Monday, January 3, 2011

Questions from little-girl-me.

Alas, it is January third. You know what that means?! High schoolers have to go back to school. Bahaha. But you know what ELSE this means?! It's my birthday! Hooray, I am 19 years old! Not really sure what good this does me... but cool nonetheless. I'll always take another year. Birthdays are good for you, ya know? The more you have, the longer you live.

And really, in another quick year, I will be 20. Hmm. Am I prepared to be 20 years old? Have I lived enough life to qualify as someone in their twenties? Will I simply blink and my early twenties will have flashed by, and suddenly I'm 25? What will my life look like when I'm 25? Will I have a degree? Will I be married? Will I be a trapeze artist somewhere in South America? Will I have hosted SNL yet? Will someone have named a statue after me? Will I be pedaling hot dogs in New York City? Will I have turned into Liz Lemon?!? so many questions! But I'm getting a big ahead of myself now, aren't I?


I wish I could talk to little-girl-me and tell her what her life is going to look like when she is 19. I'm sure she would have been beyond excited to know. She would ask me what it feels like to drive... whether or not it is strange to look at the road from the other side of the car. She would have asked if I feel cool getting up in the morning and putting on makeup. She would ask me how I knew I wanted to go to college, and why I decided not to go to beauty school, be a real-estate appraiser, be a nurse so I could use a stethoscope, write children's books, or do any of the other zillions of things I wanted to do when I was young. She would want to know why my hair is so big and curly, seeing as I've had naturally stick straight and ridiculously flat hair my entire life. She'd ask about my boyfriend, my professors, my job, the rings I wear, the height I am, the purse I carry, and all the other things that seem so foreign and far away to a little girl. She would want to know if I felt like a grown-up yet.

I would have so very much to tell her.

I think these kinds of things ALL the time. Like, how if someone had told me last summer that this is what my life would look like by winter, I would have just peed my pants. If they had thrown in the details of all the seemingly impossible hoops I would jump through, particularly in school but also in relationships, I don't know whether I would have mustered up the courage to go through with it. Makes the future seem kind of uncertain, doesn't it?

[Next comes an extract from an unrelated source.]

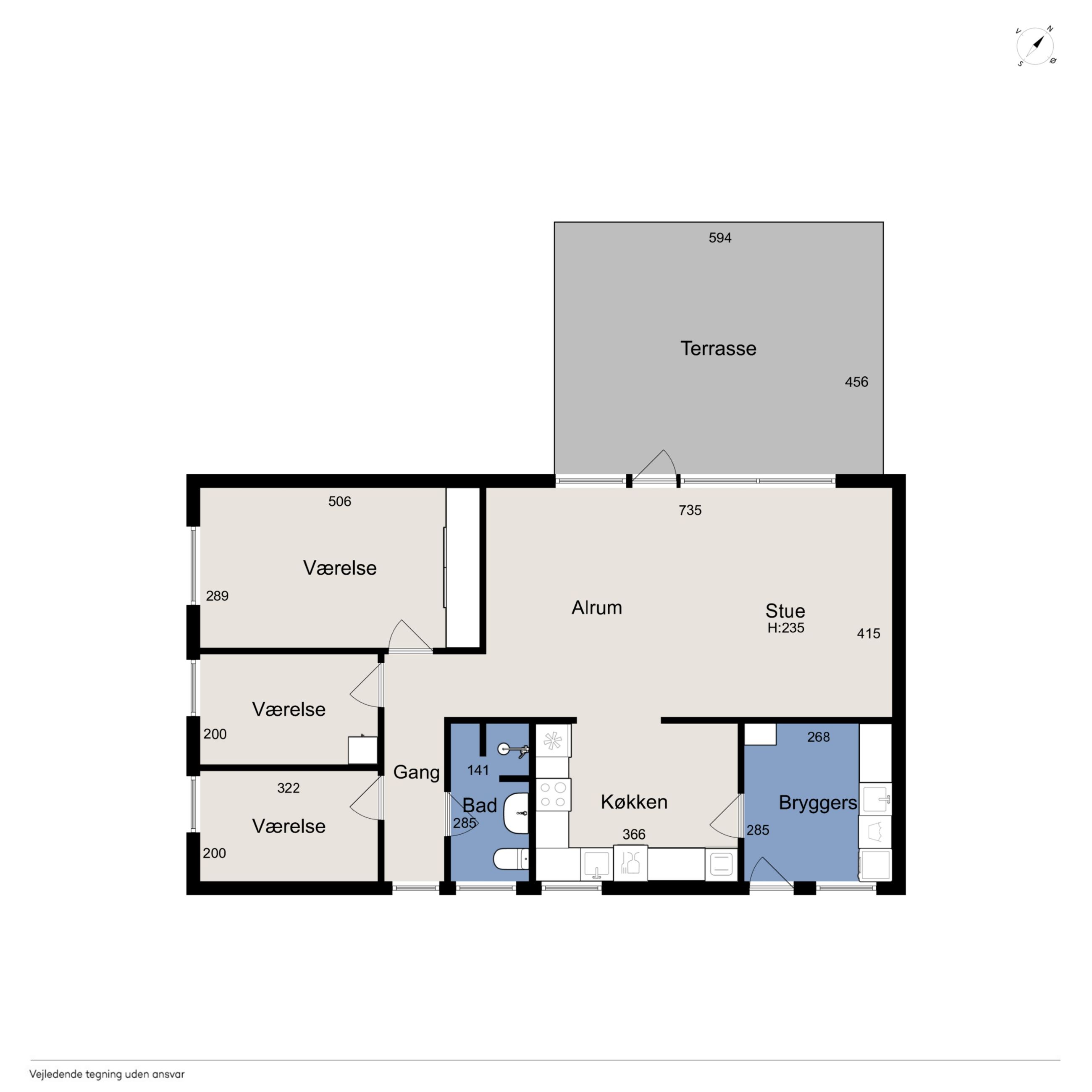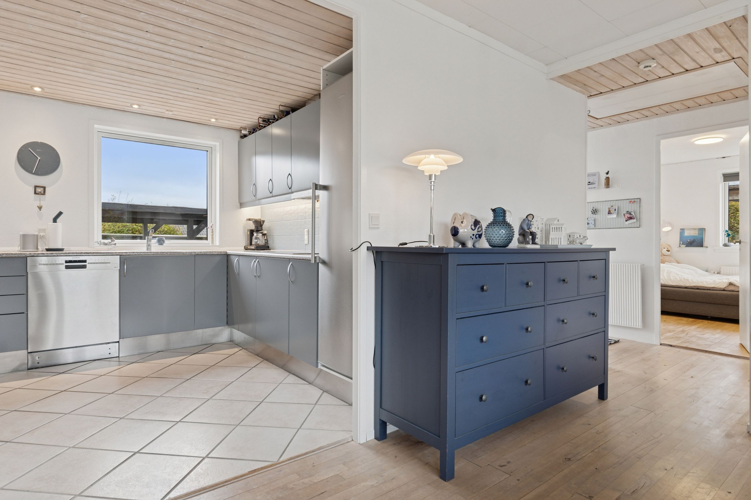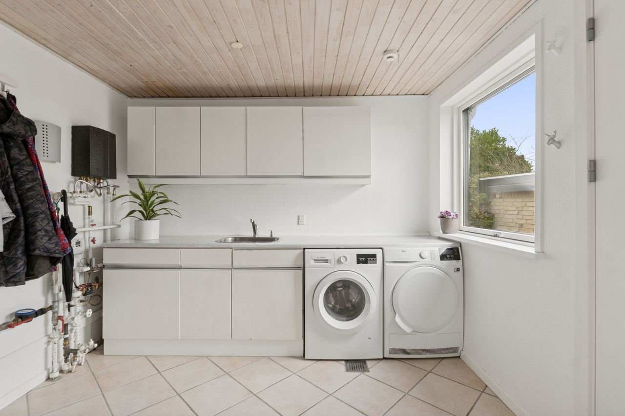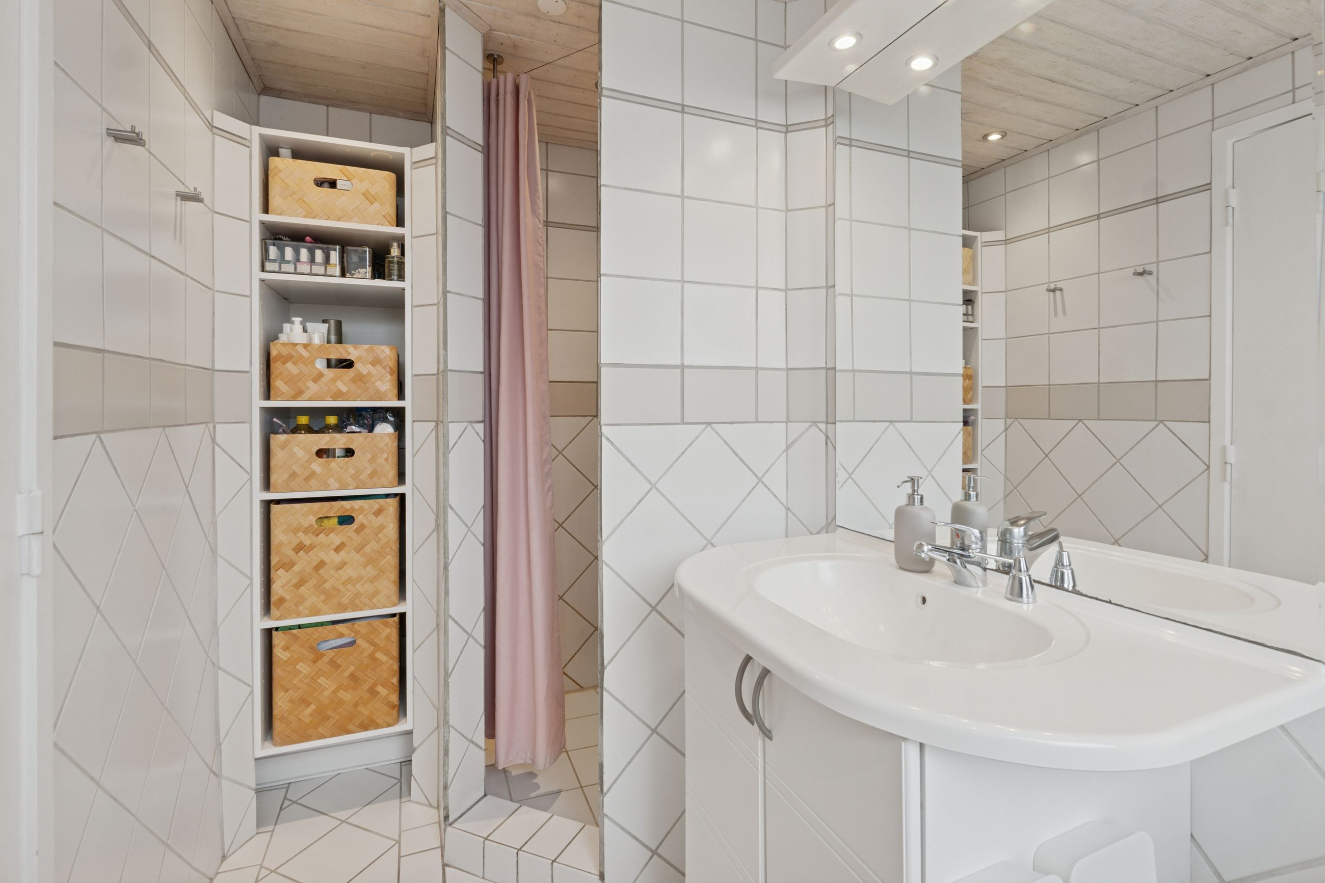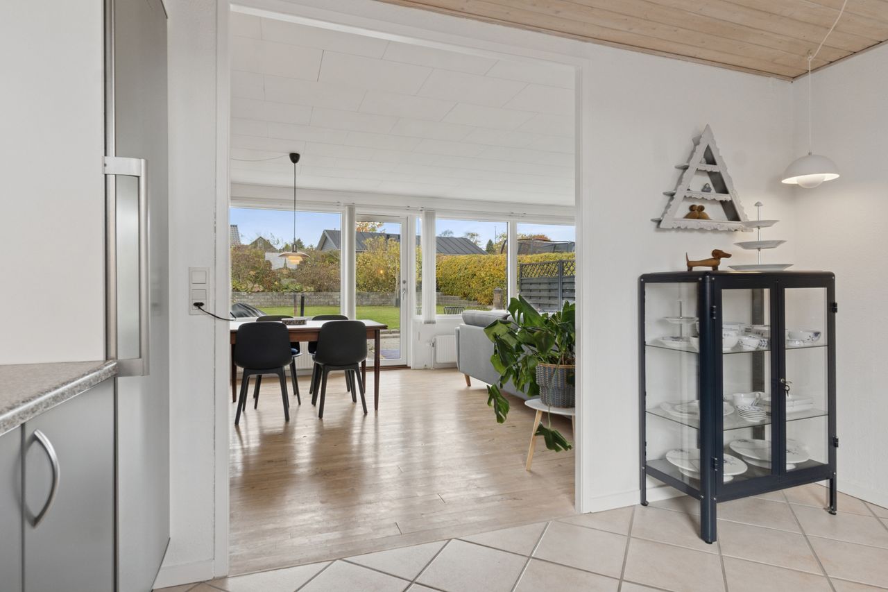Velkommen indenfor i pænt kombineret bryggers og entré med god plads til at tage imod gæster og komme af med overtøjet. Herfra ledes du ind i rummeligt køkken, med gulvvarme, hvor der er godt med bord- og opbevaringsplads. Køkkenet er i åben forbindelse med stuen, hvor der er plads til både langbordet, så I kan hygge med gæsterne og til sofagruppen til afslapning. Fra stuen er der udgang til syd-vesvendt terrasse og haven. Fra stuen er der ligeledes adgang til værelsesafdelingen med to gode børneværelser, stort soveværelse med skabsvæg, samt dejligt badeværelse med bruseniche og gulvvarme.

Life is so very funny in that way. Time speeds by, racing through twists and turns and colors mixing into memories and REM cycles and years spent waiting in lines, people entering and leaving a busy building, some bustling their way to wherever else they need to be while others stay close, revolving around as though attracted by a magnet. Cars and phones and TVs and fashions and news stories fade in and out, flickering in the background and out of focus. Moments seem frozen, highlighted by fear, or nerves, or adrenaline, or laughter, or love, or goosebumps and fireworks.

The minutes go by slowly... yet the years escape quickly and unnoticed.